Managing a simple database with Python, SQLite and wxPython, 3

Phase 2 3 Comments »

In the last post we saw how to connect to a SQLite database file and generate a cursor that would allow us to actually interact with such database. Now we need some functionality that will interact with the data, add, read, delete and search. As was mentioned before the idea is to have a generic database interaction class and have unique instantiated class objects for each database of the project. In the db_obj.py file we have an initial structure set, so let’s check the DB_Generic class.

class DB_Generic():
    '''generic class to add DB functionality'''
    def __init__(self, table_name):
        #par= name of the table to be used
        self.table_name = table_name

    def delete_entry(self):
        pass

    def get_data_generic(self):
        '''gets the data from the database
        generic so far, needs to be updated to include range'''        

        range = 1
        (cursor, database) = link_db()

        if range == 1:
            cursor.execute("""SELECT * from %s""" % self.table_name)

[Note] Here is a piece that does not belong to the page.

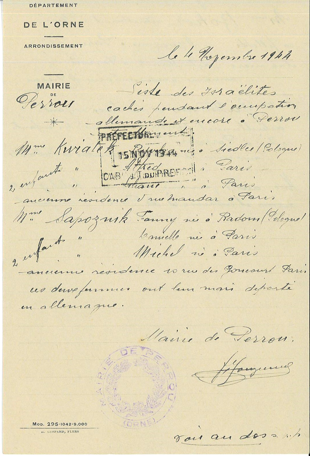 Après la Libération, les autorités françaises entreprennent de recenser les Juifs qui ont réussi à échapper à la déportation. Le 5 octobre, le préfet de l’Orne adresse donc un courrier en ce sens aux maires du département.

        table_data = cursor.fetchall()
        raw_data = []
        for i in table_data:
            raw_data.append(list(i))

        self.table_data = raw_data

        database.close()

    def insert_data(self, values_list, insert_string):
        '''inserts data in the database'''

        (cursor, database) = link_db()
        cursor.execute(insert_string % self.table_name, values_list)

        database.commit()
        database.close()

There are different functions in this class, we will take a look at each one individually. We can see that the class is far from being complete, something that we’ll do in the next posts. We start with the class initialization:

def __init__(self, table_name):
        #par= name of the table to be used
        self.table_name = table_name

Very simple and direct, it receives the table name that is being used by the interface (in this case). The table name is then stored in a object that can be accessed by other functions in the class. The function to delete entries is not finished as we only have a pass in it. We’ll will do it soon. Next we have a function that gets the data from the table.

    def get_data_generic(self):
        '''gets the data from the database
        generic so far, needs to be updated to include range'''        

        range = 1
        (cursor, database) = link_db()

        if range == 1:
            cursor.execute("""SELECT * from %s""" % self.table_name)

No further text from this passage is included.